Increasing Subsequences – LeetCode Solution Java , Python 3, Python 2 , C , C++, Best and Optimal Solutions , All you need.
Given an integer array nums
, return all the different possible increasing subsequences of the given array with at least two elements. You may return the answer in any order.

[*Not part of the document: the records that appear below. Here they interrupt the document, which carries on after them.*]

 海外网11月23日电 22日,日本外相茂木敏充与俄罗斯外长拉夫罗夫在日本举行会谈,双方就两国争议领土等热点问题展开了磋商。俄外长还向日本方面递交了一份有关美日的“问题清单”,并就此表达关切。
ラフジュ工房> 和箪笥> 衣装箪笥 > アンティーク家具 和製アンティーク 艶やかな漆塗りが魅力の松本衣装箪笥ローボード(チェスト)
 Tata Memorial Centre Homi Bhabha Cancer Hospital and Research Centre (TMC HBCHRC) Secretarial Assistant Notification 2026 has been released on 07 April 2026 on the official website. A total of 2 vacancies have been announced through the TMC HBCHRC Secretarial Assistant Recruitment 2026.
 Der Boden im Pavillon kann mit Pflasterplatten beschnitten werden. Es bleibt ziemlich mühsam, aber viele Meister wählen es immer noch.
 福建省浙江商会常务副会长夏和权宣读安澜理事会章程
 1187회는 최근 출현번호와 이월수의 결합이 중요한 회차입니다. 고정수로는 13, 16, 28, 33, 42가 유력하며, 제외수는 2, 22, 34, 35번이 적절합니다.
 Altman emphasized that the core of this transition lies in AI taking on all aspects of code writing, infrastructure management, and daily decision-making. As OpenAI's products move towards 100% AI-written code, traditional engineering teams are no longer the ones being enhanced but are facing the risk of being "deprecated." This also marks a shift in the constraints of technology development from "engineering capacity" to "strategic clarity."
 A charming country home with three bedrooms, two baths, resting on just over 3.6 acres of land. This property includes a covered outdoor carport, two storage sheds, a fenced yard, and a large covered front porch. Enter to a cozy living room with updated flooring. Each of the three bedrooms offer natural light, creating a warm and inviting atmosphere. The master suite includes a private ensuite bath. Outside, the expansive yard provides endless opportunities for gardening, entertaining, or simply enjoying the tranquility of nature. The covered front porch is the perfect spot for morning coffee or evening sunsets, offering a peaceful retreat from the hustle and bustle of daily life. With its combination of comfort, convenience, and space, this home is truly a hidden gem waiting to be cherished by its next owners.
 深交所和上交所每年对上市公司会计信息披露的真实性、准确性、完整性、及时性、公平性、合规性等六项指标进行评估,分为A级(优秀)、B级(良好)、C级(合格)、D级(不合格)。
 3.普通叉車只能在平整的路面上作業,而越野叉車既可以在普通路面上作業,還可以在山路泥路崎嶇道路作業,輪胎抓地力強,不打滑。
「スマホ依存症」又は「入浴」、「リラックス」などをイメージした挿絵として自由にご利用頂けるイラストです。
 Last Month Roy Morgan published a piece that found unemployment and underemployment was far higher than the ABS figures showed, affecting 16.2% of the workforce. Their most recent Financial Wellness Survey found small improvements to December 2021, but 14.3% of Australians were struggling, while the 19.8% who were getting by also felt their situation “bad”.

The given array may contain duplicates, and two equal integers should also be considered a special case of increasing sequence.
Example 1:
Input: nums = [4,6,7,7] Output: [[4,6],[4,6,7],[4,6,7,7],[4,7],[4,7,7],[6,7],[6,7,7],[7,7]]
Example 2:
Input: nums = [4,4,3,2,1] Output: [[4,4]]
Constraints:
1 <= nums.length <= 15
-100 <= nums[i] <= 100
C++ Increasing Subsequences LeetCode Solution
class Solution {
public:
vector<vector<int>> findSubsequences(vector<int>& nums) {
vector<vector<int>> res;
vector<int> seq;
dfs(res, seq, nums, 0);
return res;
}
void dfs(vector<vector<int>>& res, vector<int>& seq, vector<int>& nums, int pos) {
if(seq.size() > 1) res.push_back(seq);
unordered_set<int> hash;
for(int i = pos; i < nums.size(); ++i) {
if((seq.empty() || nums[i] >= seq.back()) && hash.find(nums[i]) == hash.end()) {
seq.push_back(nums[i]);
dfs(res, seq, nums, i + 1);
seq.pop_back();
hash.insert(nums[i]);
}
}
}
};
Java Increasing Subsequences LeetCode Solution
public class Solution {
public List<List<Integer>> findSubsequences(int[] nums) {
List<List<Integer>> res = new LinkedList<>();
helper(new LinkedList<Integer>(), 0, nums, res);
return res;
}
private void helper(LinkedList<Integer> list, int index, int[] nums, List<List<Integer>> res){
if(list.size()>1) res.add(new LinkedList<Integer>(list));
Set<Integer> used = new HashSet<>();
for(int i = index; i<nums.length; i++){
if(used.contains(nums[i])) continue;
if(list.size()==0 || nums[i]>=list.peekLast()){
used.add(nums[i]);
list.add(nums[i]);
helper(list, i+1, nums, res);
list.remove(list.size()-1);
}
}
}
}
Python 3 Increasing Subsequences LeetCode Solution
def findSubsequences(self, nums):
subs = {()}
for num in nums:
subs |= {sub + (num,)
for sub in subs
if not sub or sub[-1] <= num}
return [sub for sub in subs if len(sub) >= 2]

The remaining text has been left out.